American ballet dancer and choreographer

Lawrence Leritz (born September 26, 1962) is an American actor, dancer, singer, producer, director, fitness expert and choreographer.

==Life and career==
Born in Alton, Illinois, Leritz made his stage debut in the children's chorus of the world stage premiere of Rodgers and Hammerstein's musical State Fair at The Muny, starring Ozzie and Harriet Nelson, directed by James Hammerstein, supervised by Richard Rodgers, conducted by Anton Coppola and choreographed by Tommy Tune.

Leritz moved to New York City with scholarships to the Harkness Ballet, Joffrey Ballet and the School of American Ballet under George Balanchine, studying with Alexandra Danilova, Stanley Williams and the Bolshoi's Māris Liepa. While dancing in a company class at The New York City Ballet, he was discovered by Balanchine ballerina Violette Verdy who invited him to join The Hamburg Ballet.
Leritz continued his dancing career on the international stages, starring with Ruth Page's Chicago Ballet, Israel's Bat-Dor Dance Company and with the Paris Opéra on its U.S. tour to the Metropolitan Opera and DC's Kennedy Center. Leritz also appeared as guest artist and choreographer for Plácido Domingo's Los Angeles Music Center Opera and danced in the Joffrey Ballet version of Michel Fokine's "Petrushka" with Rudolf Nureyev at the New York City Center. Leritz created his own company, Dance Celebration, which represented the United States at the International Choreographic Competitions in Paris, performing his signature ballet, "Worth A Song", receiving special congratulations from President Jimmy Carter at The White House in 1979. Leritz produced The 50th Anniversary Gala of The American Guild of Musical Artists, featuring over 300 stars of ballet and opera at The New York State Theater at Lincoln Center in 1986. The Gala's hosts, New York City Opera's Beverly Sills and New York City Ballet's Peter Martins provided the show's highlight, dancing together in the restaged opening of Balanchine's "Vienna Waltzes." Leritz appeared three times on the cover of Dance Pages Magazine, including the Spring 1989 issue, in which he wrote an article which introduced and encouraged bodybuilding for dancers.
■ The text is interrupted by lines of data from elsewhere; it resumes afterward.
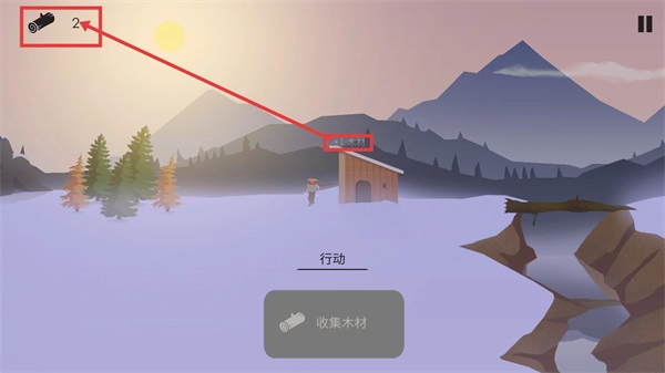 在雪地场景里,找到树木所在的区域后,点击【收集木材】按钮,就能获得生存所必需的木材资源。
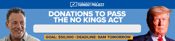 She’s absolutely right! Trump thinks he’s a KING… but Democrats have a brilliant plan to stop him: PASS the No Kings Act! But we still need another 829 donations today. Remember: All gifts are 300%-MATCHED to Progressive Turnout Project to help elect Democrats who will pass this bill. Please, can you chip in $5 or ANYTHING now?
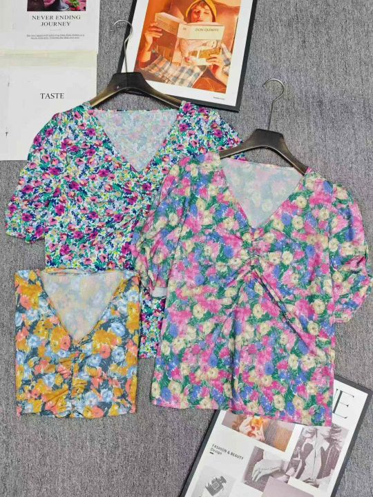 4.9清电商仓回收276件仙女碎花韩版V领褶皱泡泡袖时尚...

Appearing on the cover with bodybuilding champion Rich Gaspari, his article helped to change the look of professional dancers. In 2006, Leritz was included in Harvard University's George Balanchine Collection of The New York City Ballet at The Harvard Theatre Collection and The Harvard College Library. Leritz's television dance appearances include the 2013 Emmy Award winning "Night Of Too Many Stars" on Comedy Central, performing as Keitel's wise guy in "Call Me Maybe" with Carly Rae Jepsen and Harvey Keitel at the historic Beacon Theatre (New York City). Leritz was featured in The New York Times dance article, Your First Dance Crush, July 2013.
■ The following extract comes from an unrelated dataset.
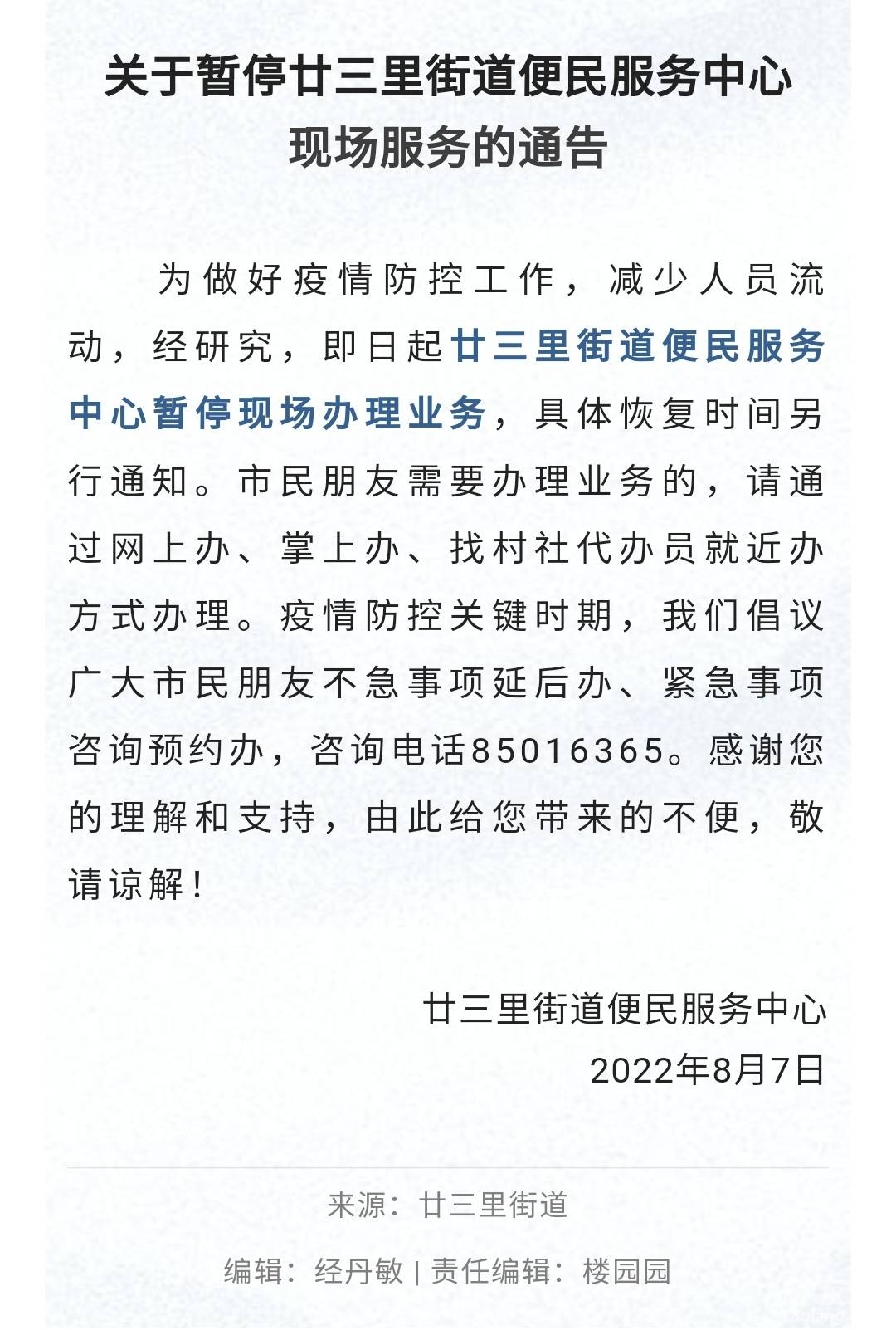 关于暂停廿三里街道便民服务中心现场服务的通告

Leritz was chosen by director/choreographer Jerome Robbins for the second Broadway revival of Fiddler on the Roof with Herschel Bernardi and Maria Karnilova. Other Broadway appearances include Fonteyn & Nureyev on Broadway. Leritz also directed and produced two editions of "Broadway Showstoppers" at NYC's Hudson Theatre and The Town Hall. Leritz returned to co-star at The Muny with Broadway's Judy Kaye, John Reardon, John Schuck, Beth Leavel and his dance partner, Lorene Yarnell in Cole Porter's Can-Can, receiving excellent reviews. The St. Louis Post-Dispatch noted "Can-Can opened in dazzling style, reminiscent of the Muny glory days, weaving a magic spell. Leritz and Yarnell are teamed in exciting style. The dancing is fabulous." Leritz appeared Off-Broadway in "Funding The Arts" at the Baryshnikov Arts Center, acting and dancing the role of J. Edgar. Leritz also appeared in The Joe Layton Tribute at Off-Broadway's St Luke's Theater hosted by Bruce Vilanch, in The Madeline Kahn Tribute, singing at New York's Metropolitan Room and co-hosted the Off-Broadway tribute to dance legend Ruth Page.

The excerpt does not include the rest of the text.